### [Work to complete]
Could you retype exactly the line containing "培訓中,授課老師通過理論和實" and every line after it in the data below, leaving out the pictures?

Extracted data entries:
┄┄┄┄┄┄┄┄┄┄

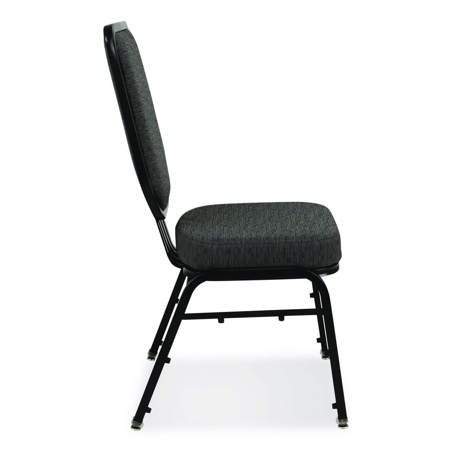 Elevate any event with our Flex-Back Banquet Chairs, the essence of style, comfort and practicality. Crafted to enhance your guests’ seating experience, these chairs seamlessly blend elegance with durability. With a backrest designed for flexibility, our chairs offer unmatched comfort and support. The contoured back conforms to the body, providing superior lumbar support during dining or presentations. Thanks to its Flex feature, the entire backrest bends to accommodate your body’s movements. Bid farewell to discomfort and welcome relaxation with every seating experience. Built to last, our banquet chairs boast sturdy construction from premium materials. The core of the seat and backrest is MDF, while the 3″ plush seat cushion is molded with polyurethane foam for enhanced comfort. The robust 18-gauge steel frame with self-leveling glides guarantees stability, while the flexible backrest adds an extra layer of resilience, ensuring longevity with frequent use. Adding to their appeal is their elegant aesthetics, our chair effortlessly complements any event decor with a timeless design, creating an ambiance of sophistication. But the benefits don’t end there. Our stackable design makes storage and setup a breeze, maximizing space efficiency whether you’re hosting an intimate gathering or a grand event. From banquet halls to conference centers, hotels to restaurants, these chairs adapt to any environment, blending seamlessly into both formal and casual settings. Above all, comfort reigns supreme. Say hello to stylish, comfortable seating—our premium banquet chairs encourage relaxation and engagement throughout even the longest events, ensuring your guests remain comfortable and focused from start to finish. Recommended Application Area(s): Breakroom & Foodservice; Conference & Meeting; General Office & Task; Seat Color: Morticia Onyx; Back Color: Morticia Onyx; Color Family: Black.
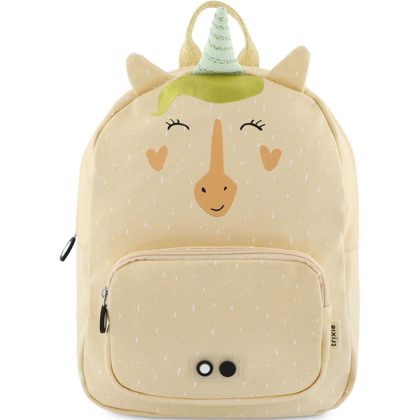 Der niedliche und praktische Rucksack für Kinder hat ein kleines und ein großes Fach. Hier ist Platz für Trinkflasche, Brotdose, Spielzeuge und Co. Natürlich haben die belgischen Hersteller auch auf den Tragekomfort geachtet: die verstellbaren Schulterriemen sind gepolstert und der Brustgurt verhindert, dass die Schulterriemen runterrutschen. Im Kindergarten angekommen, kann der Rucksack dann einfach am Griff an einen Haken gehängt werden. Und das Beste: sollte es mal auf dem Weg regnen, kein Problem! Der Rucksack ist wasserabweisend. Auch Dreck ist kein Problem, du kannst den Rucksack einfach bei sanfter Spülung in die Waschmaschine geben. Beachte nur: je mehr der Rucksack in der Waschmaschine landet, desto weniger wasserabweisend ist er. Auch wenn das kleine Einhorn mal ausbüxt – dank dem eingenähten Namensschild wird er immer wieder gefunden.
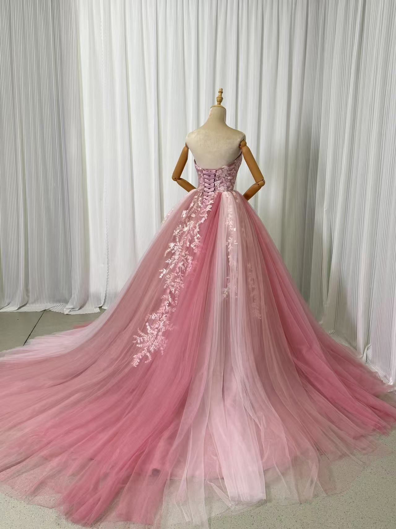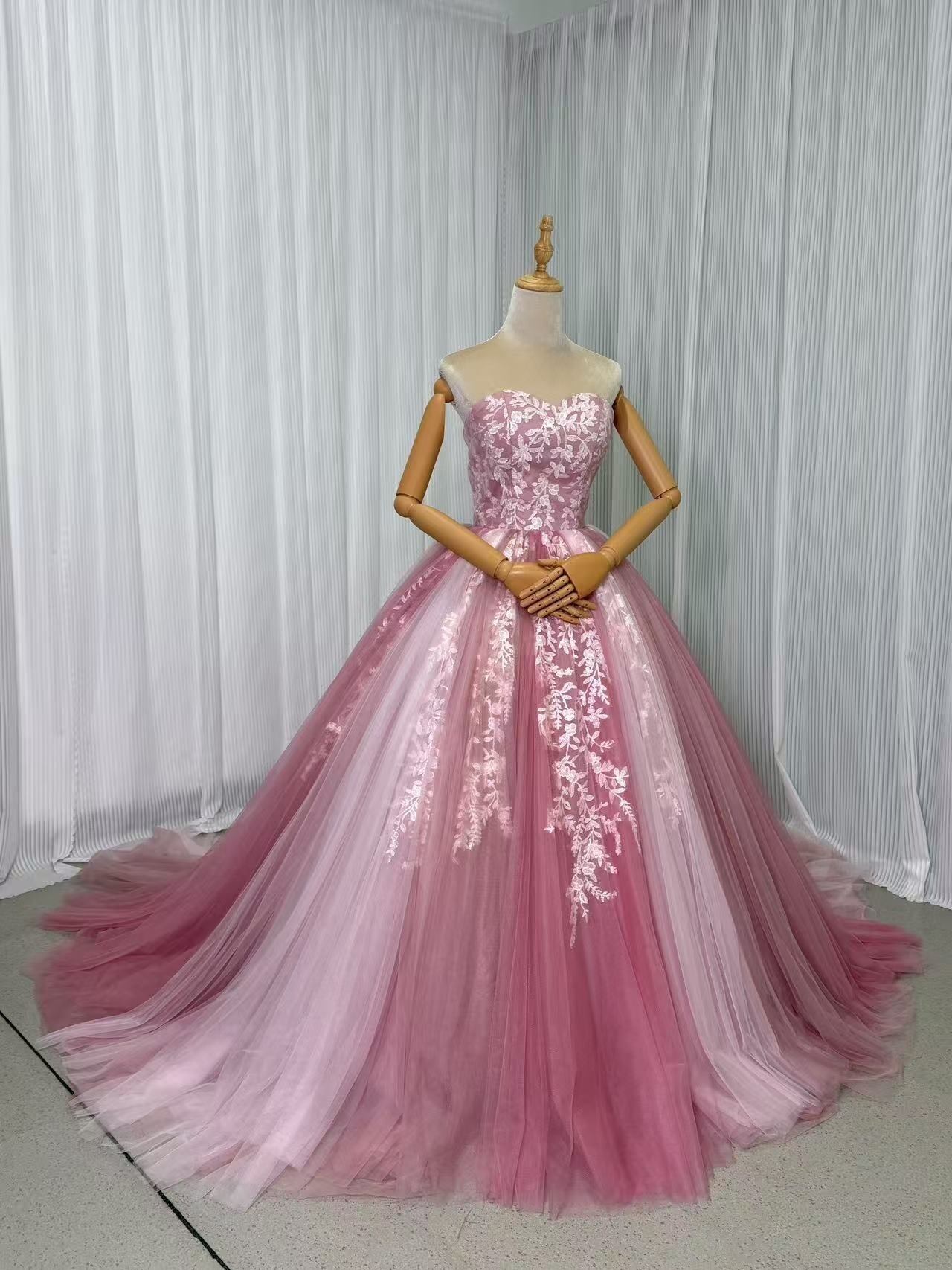 カラードレス ピンク ベアトップ 編み上げ キラキラ光る刺繍 華やかなトレーン ソフトチュール 花嫁 前撮り
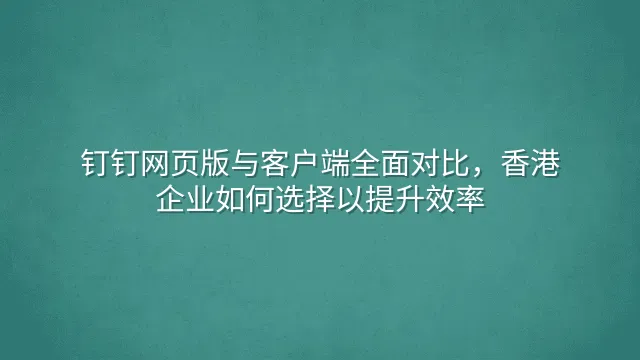 在香港快节奏的商业环境中,钉钉网页版与客户端的深度对比分析成为企业提升效率的关键课题。本文从性能、安全到协作体验,全面剖析哪种模式更适合你的团队。
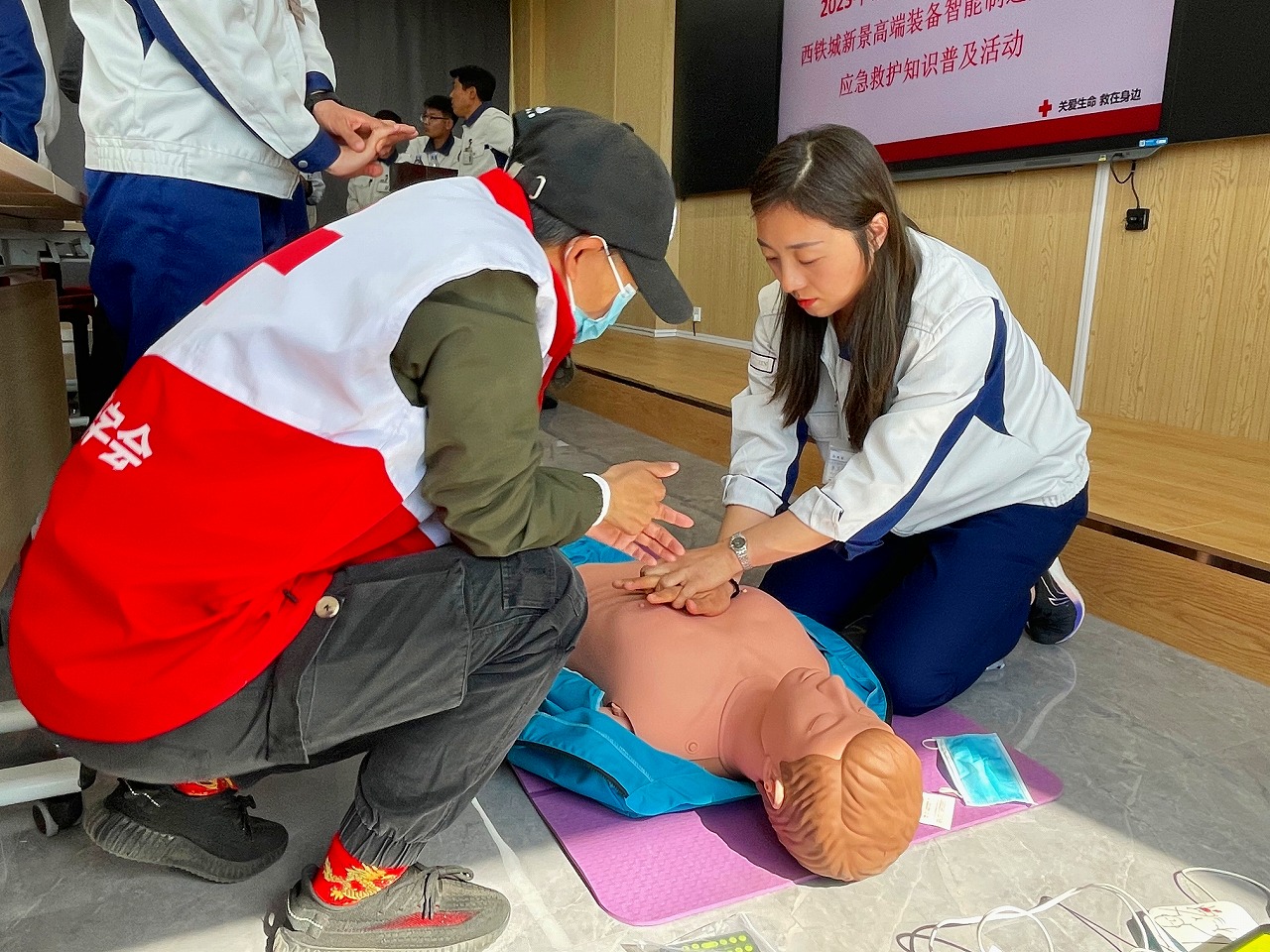 培訓中,授課老師通過理論和實操相結合的方式,詳細講解了心肺復蘇術急救法的應用背景和操作流程,對“AED體外除顫儀”使用的原理、目的、適應癥、禁忌癥、操作規范、注意事項等方面進行了解釋說明,并利用人體模型進行了“AED體外除顫儀”的操作演示。
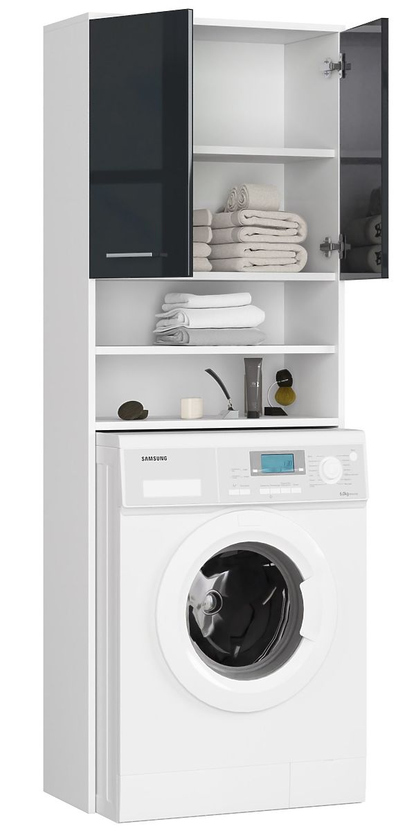 Lukahome.at » Bathroom & Toilet / Koupelnové skříňky / BADEZIMMERREGAL FIN ÜBER DER WASCHMASCHINE WEISS / GRAPHIT GLANZ
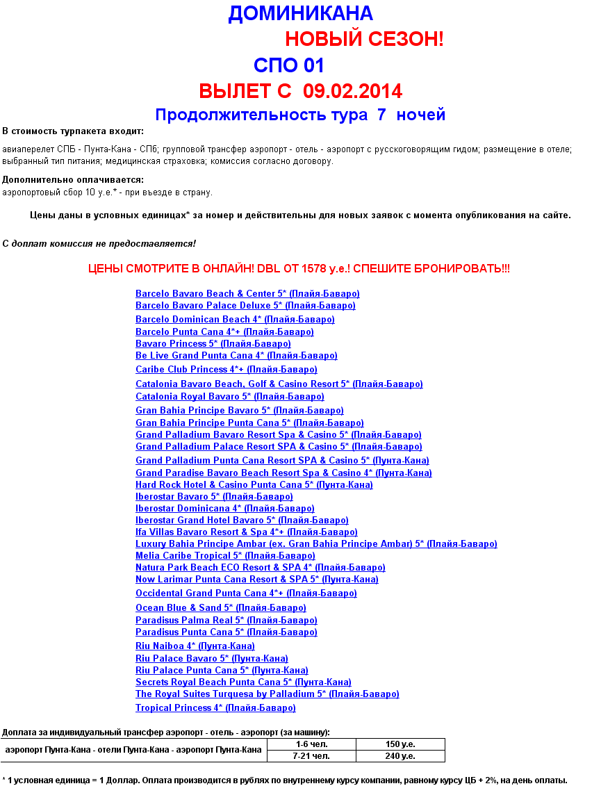 04 Фев 2014 16:19:59 ДОМИНИКАНА 09.02 на 7н от $1578 от фирмы ЮЖНЫЙ КРЕСТ

┄┄┄┄┄┄┄┄┄┄

### [Reply]
 培訓中,授課老師通過理論和實操相結合的方式,詳細講解了心肺復蘇術急救法的應用背景和操作流程,對“AED體外除顫儀”使用的原理、目的、適應癥、禁忌癥、操作規范、注意事項等方面進行了解釋說明,并利用人體模型進行了“AED體外除顫儀”的操作演示。
 Lukahome.at » Bathroom & Toilet / Koupelnové skříňky / BADEZIMMERREGAL FIN ÜBER DER WASCHMASCHINE WEISS / GRAPHIT GLANZ
 04 Фев 2014 16:19:59 ДОМИНИКАНА 09.02 на 7н от $1578 от фирмы ЮЖНЫЙ КРЕСТ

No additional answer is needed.